The Law doesn’t apply to Jesus, because Jesus keeps the Law. Sin and death do not overcome Him, but He overcomes sin and death. And the healing that this woman and this girl experience are previews of the cross and of the empty tomb, of the end of the world, the resurrection of the dead, and the creation of a new heaven and a new earth, just as they were before the fall in the Garden. Jesus has come to turn back the clock to a time before we started dying. And our faith makes us well.
And here we see the same faith happening in different ways. The woman believes in Jesus, comes to Him, and Jesus makes her well through her faith. But what about the little girl? She cannot believe for herself, as she is dead. It is her father who brings Jesus to her. Her father’s faith brings about a saving encounter with Jesus that results in her resurrection.
Some people come to faith as adults. They may have been in a state of uncleanness and dying spiritually for years. We don’t know how faith works, it is a mystery. But people do indeed hear about Jesus, believe that He can and will save them, and they put their trust in Him. And Jesus brings them from dying to living. Others come to faith as children. They are often tiny infants, unable to ask for salvation themselves.
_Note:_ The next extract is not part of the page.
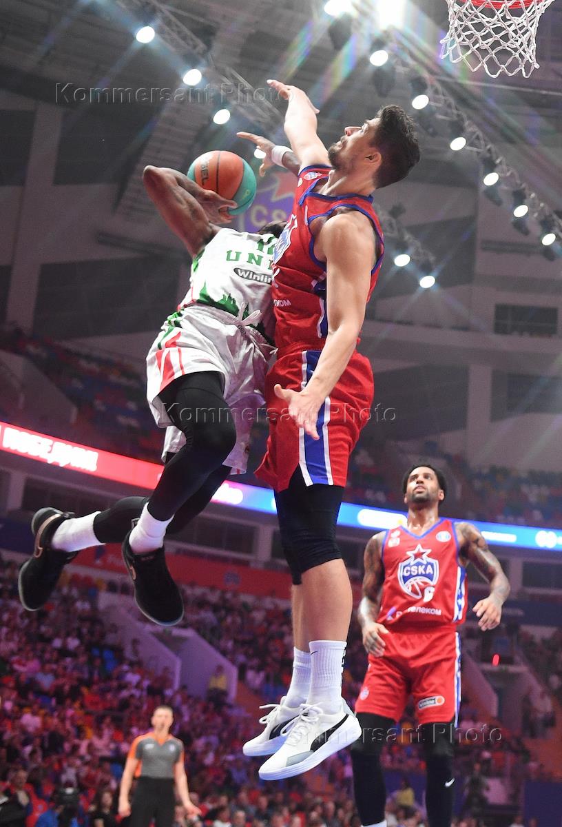 Единая лига ВТБ по баскетболу. Сезон 2024/2025. Матч между командами ЦСКА (Москва) и УНИКС (Казань) во Дворце спорта "Мегаспорт". Игрок команды ЦСКА Тони Джекири (справа) во время матча.

But their parents come to Jesus in faith, and they ask Him to lay His hand on their children, who need of a second birth, so that they might live. Whenever Jesus comes and heals, that is, saves, there is faith. And while we are so overwhelmed by the mighty power and compassion of Jesus in this passage, we should not overlook the fact that Jesus hears the prayers of those who come to Him and who ask in faith – knowing that He has the power and the compassion to replace sickness with health, uncleanness with purity, and even death with life.
And Jesus is not bothered by your prayers. Jesus is not made unclean in His contact with us. Jesus is not too busy for us. Jesus makes Himself available to us today, even though it is in a way that depends perhaps even more on faith. We cannot touch His garment, but we can eat His body and drink His blood. He doesn’t walk to our house and lay His hand on our children in the same way that He does at the home of Jairus, but He does lay the hand of a pastor upon our children with cleansing water, making them disciples “in the name of the Father and of the Son and of the Holy Spirit.” We cannot hear Jesus preaching with His own mouth, but we hear His Word as the Holy Spirit has caused it to be written for us, and we hear that Word proclaimed.
Faith is still what connects us to Jesus to make us well. We believe in Him even when doctors cannot help us. Even when our children have died. We believe and we pray. And Jesus has the power to turn back the clock to paradise. For when He returns, He will raise all who have been saved by grace, through faith, from the sleep of death. And on that day, nobody will laugh at Jesus. But we will laugh with Him in joy. In the meantime, let us pray, let us have faith, let us go to where He is found.
Amen.
In the name of the Father and of the + Son and of the Holy Spirit. Amen.